Stored dataset items —
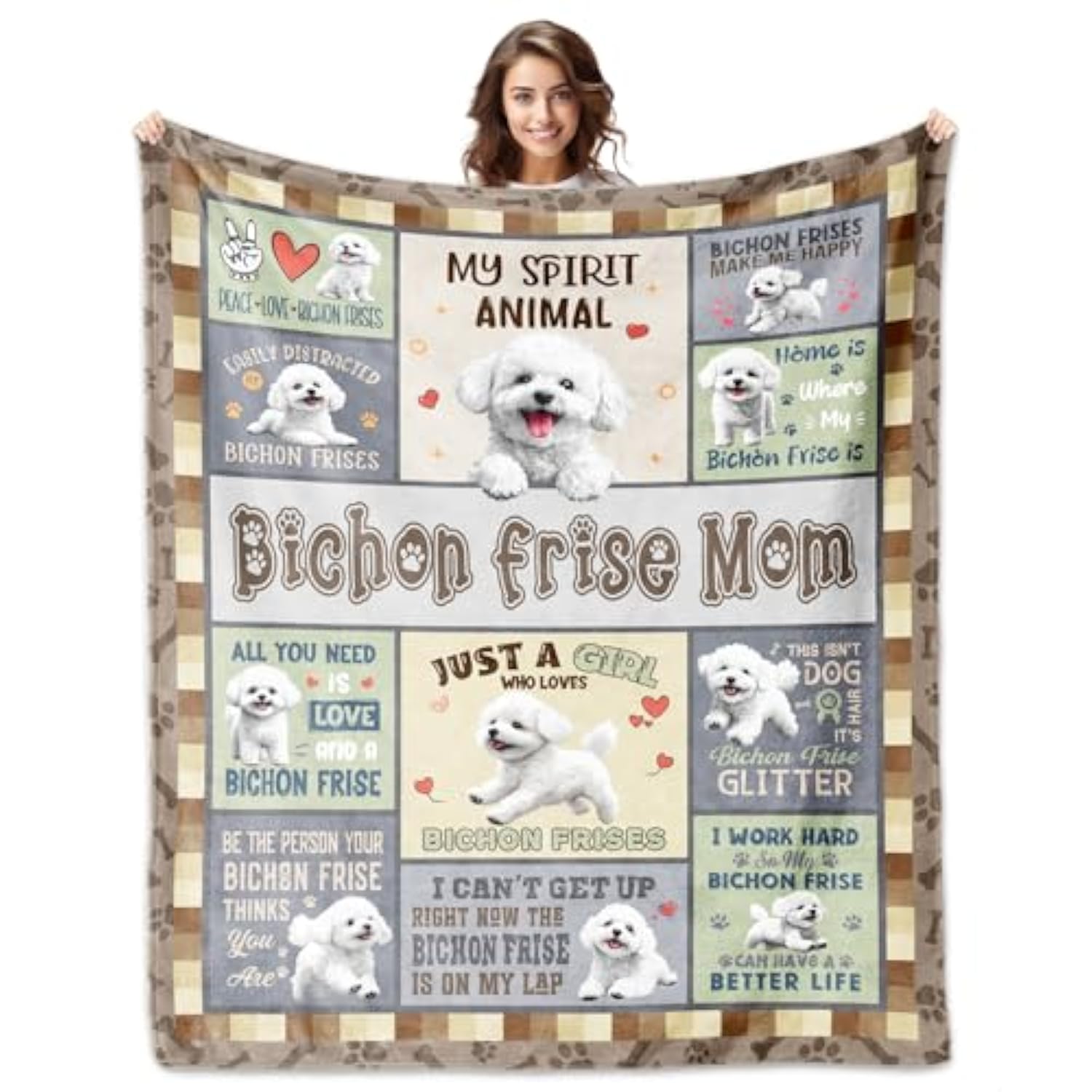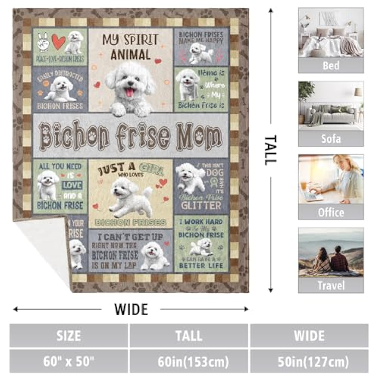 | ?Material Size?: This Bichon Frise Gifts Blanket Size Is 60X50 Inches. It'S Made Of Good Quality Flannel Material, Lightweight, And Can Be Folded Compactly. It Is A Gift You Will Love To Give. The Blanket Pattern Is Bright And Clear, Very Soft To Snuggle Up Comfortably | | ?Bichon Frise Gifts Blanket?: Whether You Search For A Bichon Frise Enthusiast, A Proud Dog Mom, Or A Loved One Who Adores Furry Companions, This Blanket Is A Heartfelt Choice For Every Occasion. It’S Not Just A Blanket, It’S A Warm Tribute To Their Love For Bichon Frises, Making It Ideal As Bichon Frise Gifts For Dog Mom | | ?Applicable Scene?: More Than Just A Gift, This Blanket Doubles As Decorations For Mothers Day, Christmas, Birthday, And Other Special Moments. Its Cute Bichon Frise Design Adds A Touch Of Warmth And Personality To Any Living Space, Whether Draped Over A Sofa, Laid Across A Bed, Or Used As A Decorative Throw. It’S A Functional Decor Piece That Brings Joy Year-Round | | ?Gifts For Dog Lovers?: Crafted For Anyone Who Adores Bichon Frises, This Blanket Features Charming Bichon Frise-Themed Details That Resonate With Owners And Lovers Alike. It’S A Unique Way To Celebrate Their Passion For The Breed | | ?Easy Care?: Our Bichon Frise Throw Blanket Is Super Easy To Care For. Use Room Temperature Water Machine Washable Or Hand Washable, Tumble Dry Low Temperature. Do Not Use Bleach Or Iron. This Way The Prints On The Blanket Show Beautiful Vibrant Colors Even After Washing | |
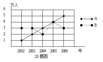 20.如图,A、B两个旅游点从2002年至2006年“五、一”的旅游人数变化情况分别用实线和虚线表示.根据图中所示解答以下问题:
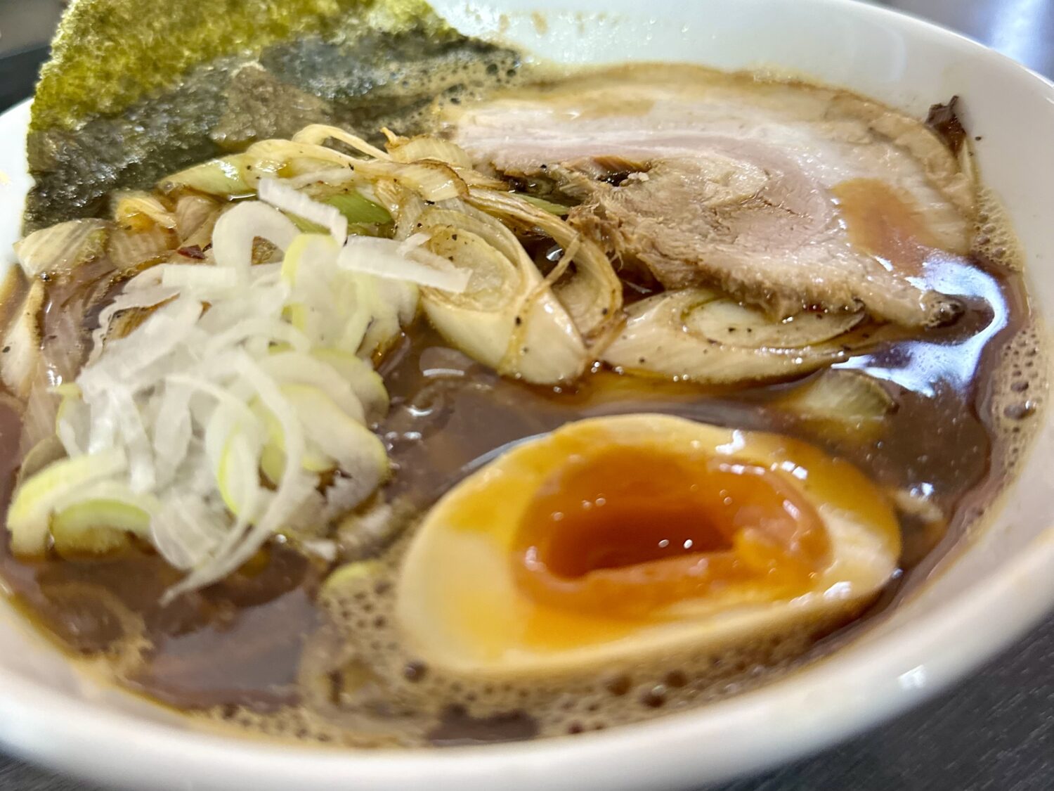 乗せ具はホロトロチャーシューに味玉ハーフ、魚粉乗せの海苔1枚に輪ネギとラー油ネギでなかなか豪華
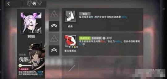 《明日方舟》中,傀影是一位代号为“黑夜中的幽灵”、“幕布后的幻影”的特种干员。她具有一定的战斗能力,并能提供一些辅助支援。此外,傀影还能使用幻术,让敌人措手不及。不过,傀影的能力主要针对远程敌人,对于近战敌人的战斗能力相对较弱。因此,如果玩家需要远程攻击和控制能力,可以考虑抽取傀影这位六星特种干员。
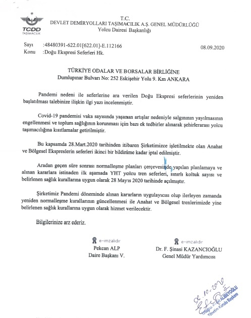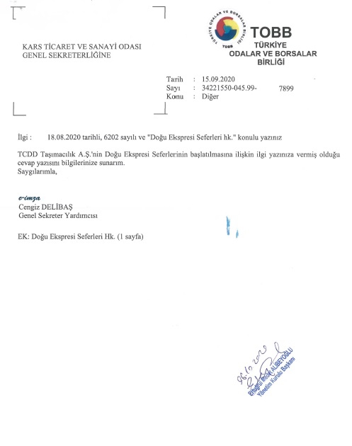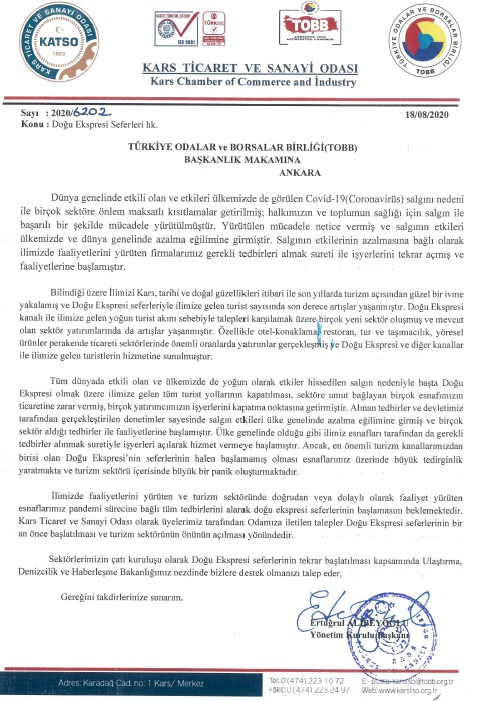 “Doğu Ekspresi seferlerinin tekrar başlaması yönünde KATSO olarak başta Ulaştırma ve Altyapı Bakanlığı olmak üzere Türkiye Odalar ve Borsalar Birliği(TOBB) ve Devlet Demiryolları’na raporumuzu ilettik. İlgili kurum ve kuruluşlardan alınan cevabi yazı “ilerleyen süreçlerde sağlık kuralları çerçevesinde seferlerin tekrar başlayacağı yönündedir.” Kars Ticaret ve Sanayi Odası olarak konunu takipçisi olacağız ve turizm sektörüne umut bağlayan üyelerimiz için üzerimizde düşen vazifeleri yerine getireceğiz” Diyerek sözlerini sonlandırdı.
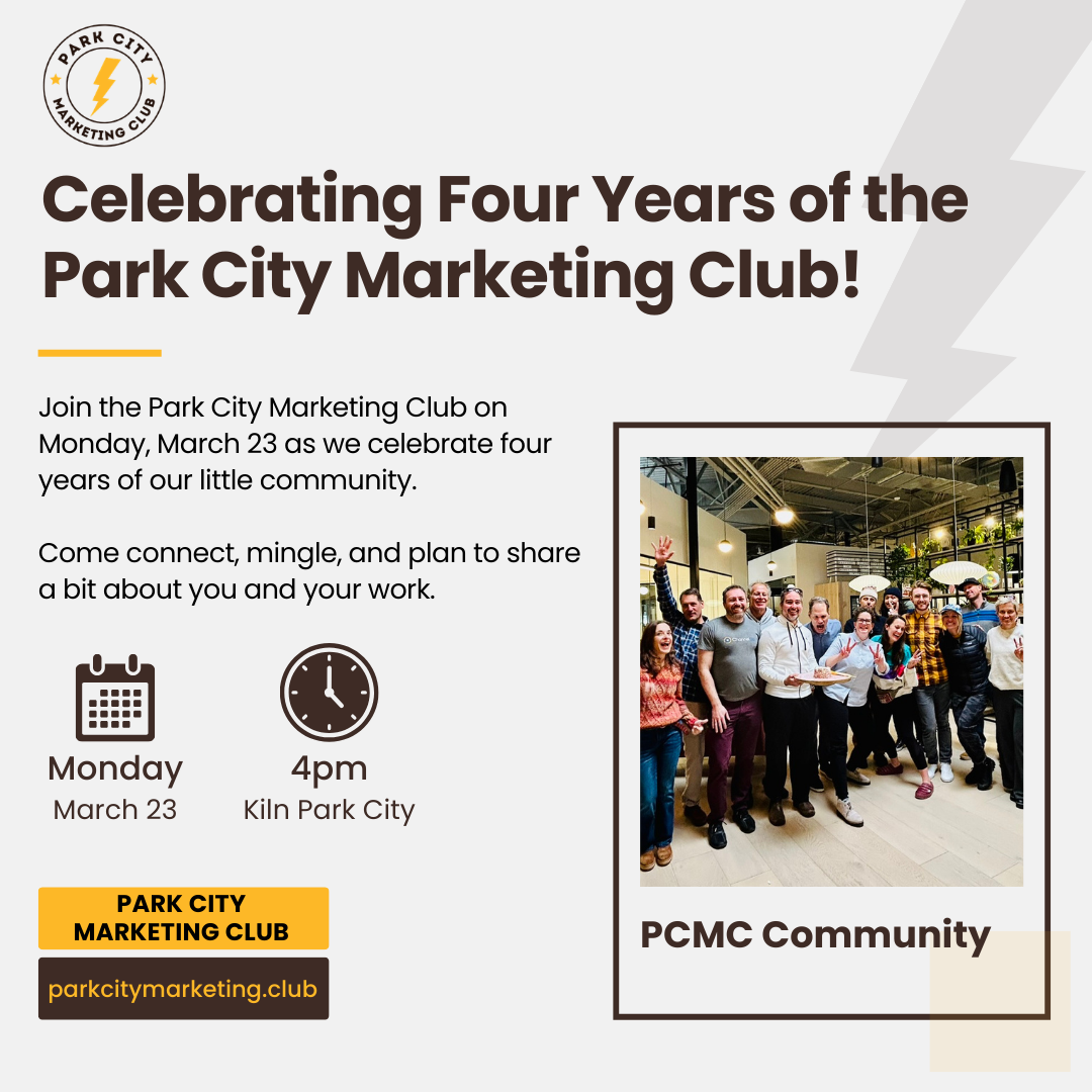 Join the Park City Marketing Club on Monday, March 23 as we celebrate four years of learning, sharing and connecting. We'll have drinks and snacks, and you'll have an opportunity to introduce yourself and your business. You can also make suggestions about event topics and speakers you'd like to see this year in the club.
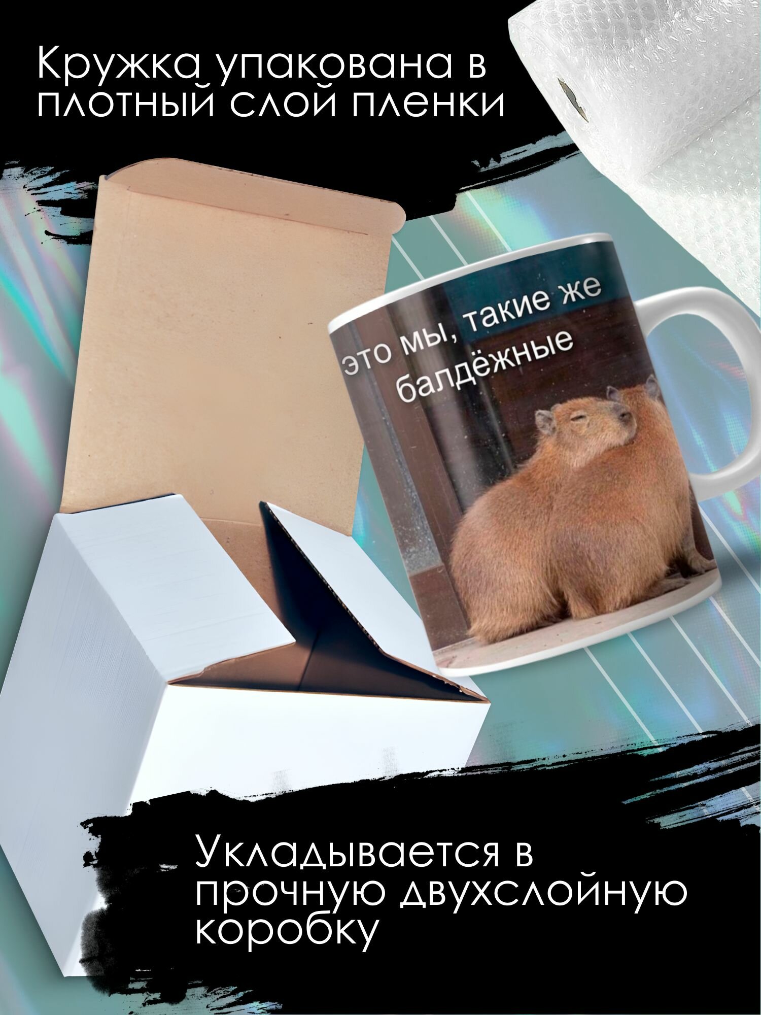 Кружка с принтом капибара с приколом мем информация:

Exercise aim — Go through the data and return every word of it verbatim, leaving out the pictures.

Written response —
 | ?Material Size?: This Bichon Frise Gifts Blanket Size Is 60X50 Inches. It'S Made Of Good Quality Flannel Material, Lightweight, And Can Be Folded Compactly. It Is A Gift You Will Love To Give. The Blanket Pattern Is Bright And Clear, Very Soft To Snuggle Up Comfortably | | ?Bichon Frise Gifts Blanket?: Whether You Search For A Bichon Frise Enthusiast, A Proud Dog Mom, Or A Loved One Who Adores Furry Companions, This Blanket Is A Heartfelt Choice For Every Occasion. It’S Not Just A Blanket, It’S A Warm Tribute To Their Love For Bichon Frises, Making It Ideal As Bichon Frise Gifts For Dog Mom | | ?Applicable Scene?: More Than Just A Gift, This Blanket Doubles As Decorations For Mothers Day, Christmas, Birthday, And Other Special Moments. Its Cute Bichon Frise Design Adds A Touch Of Warmth And Personality To Any Living Space, Whether Draped Over A Sofa, Laid Across A Bed, Or Used As A Decorative Throw. It’S A Functional Decor Piece That Brings Joy Year-Round | | ?Gifts For Dog Lovers?: Crafted For Anyone Who Adores Bichon Frises, This Blanket Features Charming Bichon Frise-Themed Details That Resonate With Owners And Lovers Alike. It’S A Unique Way To Celebrate Their Passion For The Breed | | ?Easy Care?: Our Bichon Frise Throw Blanket Is Super Easy To Care For. Use Room Temperature Water Machine Washable Or Hand Washable, Tumble Dry Low Temperature. Do Not Use Bleach Or Iron. This Way The Prints On The Blanket Show Beautiful Vibrant Colors Even After Washing | |
 20.如图,A、B两个旅游点从2002年至2006年“五、一”的旅游人数变化情况分别用实线和虚线表示.根据图中所示解答以下问题:
 乗せ具はホロトロチャーシューに味玉ハーフ、魚粉乗せの海苔1枚に輪ネギとラー油ネギでなかなか豪華
 《明日方舟》中,傀影是一位代号为“黑夜中的幽灵”、“幕布后的幻影”的特种干员。她具有一定的战斗能力,并能提供一些辅助支援。此外,傀影还能使用幻术,让敌人措手不及。不过,傀影的能力主要针对远程敌人,对于近战敌人的战斗能力相对较弱。因此,如果玩家需要远程攻击和控制能力,可以考虑抽取傀影这位六星特种干员。
 “Doğu Ekspresi seferlerinin tekrar başlaması yönünde KATSO olarak başta Ulaştırma ve Altyapı Bakanlığı olmak üzere Türkiye Odalar ve Borsalar Birliği(TOBB) ve Devlet Demiryolları’na raporumuzu ilettik. İlgili kurum ve kuruluşlardan alınan cevabi yazı “ilerleyen süreçlerde sağlık kuralları çerçevesinde seferlerin tekrar başlayacağı yönündedir.” Kars Ticaret ve Sanayi Odası olarak konunu takipçisi olacağız ve turizm sektörüne umut bağlayan üyelerimiz için üzerimizde düşen vazifeleri yerine getireceğiz” Diyerek sözlerini sonlandırdı.
 Join the Park City Marketing Club on Monday, March 23 as we celebrate four years of learning, sharing and connecting. We'll have drinks and snacks, and you'll have an opportunity to introduce yourself and your business. You can also make suggestions about event topics and speakers you'd like to see this year in the club.
 Кружка с принтом капибара с приколом мем информация:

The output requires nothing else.